Renewable energy sources will play an important role in securing both the energy supply and sustainable development in the future. Renewable energy sources also make a major contribution to the protection of the environment. Gasification is a promising approach for clean and efficient power generation as well as for polygeneration of a variety of products, such as sulphur, hydrogen, methanol, and others (1). Nowadays, gasification is an attractive alternative technology for the thermal treatment of solid waste, such as biomass, scrap tires and sludge. Nevertheless this process is so complex that it is difficult to develop a reliable supervisory technology based only on a chemical-engineering classic-control approach. Particularly the gasifier is difficult to control since it is multivariable and highly non-linear, with significant cross-coupling between the input and output variables. Indeed, in existing gasifiers of this type the automatic control goes no further than closing local PI(D) flow loops around the feed system actuators (2). Because of that exists the opportunity to achieve significantly improved operation by using the modern advanced control techniques.

The use of Artificial-Intelligence (AI) systems seems to be necessary in order to obtain better results in gasification plant management. This term refers in the field of process engineering, to programs and systems, that utilise intelligent implementation techniques such as rule-based expert systems, fuzzy logic and neural networks (NNs), to extend the power of computers beyond the strictly mathematical and statistical functions. Intelligent techniques facilitate the creation of applications that have the ability to collect knowledge and, after reasoning with this knowledge, to resolve complex problems that require a certain degree of intelligence if they have to be solved by a human expert. One important tool in the AI field is the application of ontologies since it permit to represent knowledge about a domain in a form that can be understood and can be communicated between people, and heterogeneous and widely spread application systems. Typically, ontologies are composed of a set of terms representing concepts (hierarchically organized) and some specification of their meaning. (3)

This paper focuses on ontology design and construction as a foundation for knowledge representation in the domain of gasification processes. To illustrate this, the ontology built is applied to model an intelligent system for the distributed control implemented in the bench scale Pilot Plant Gasifier built at the UPC facillities. The ontology constructed can provide the basis for development of an expert system that can function as a decision support system for gasifier operators.

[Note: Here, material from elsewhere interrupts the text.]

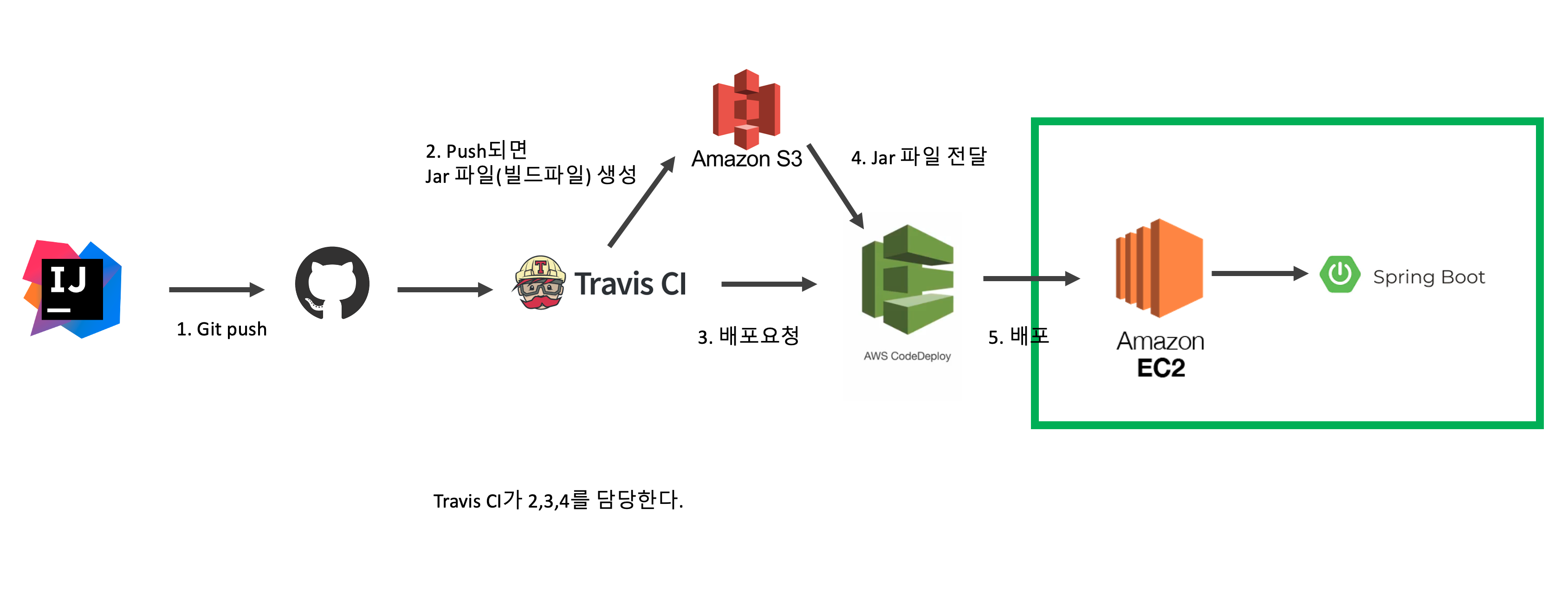 * 빌드(2, 3, 4)는 Travis CI가, 배포(5)는 AWS CodeDeploy가 한다.

REFERENCES 1. Philcox, J.E., and G.W. Fenner (1996), “Gasification — An Attraction for Chemical Reactions,” Proc., 1996 Gasif. Tech. Conf., Electric Power Research Institute, San Francisco, CA, October 2-4. 2. Pike A. W, et. al., (2000), Application of Modern Simulation Tools to Power Plant Modelling And Analysis: Two Industrial Case Studies. IEE Seminar on Tools for Simulation and Modelling. Pp. 4/1 – 4/22 3. Pinto, H. S. and J. P. Martins 2004. Ontologies: How can they be built? Knowledge and Information Systems. 6:441–464.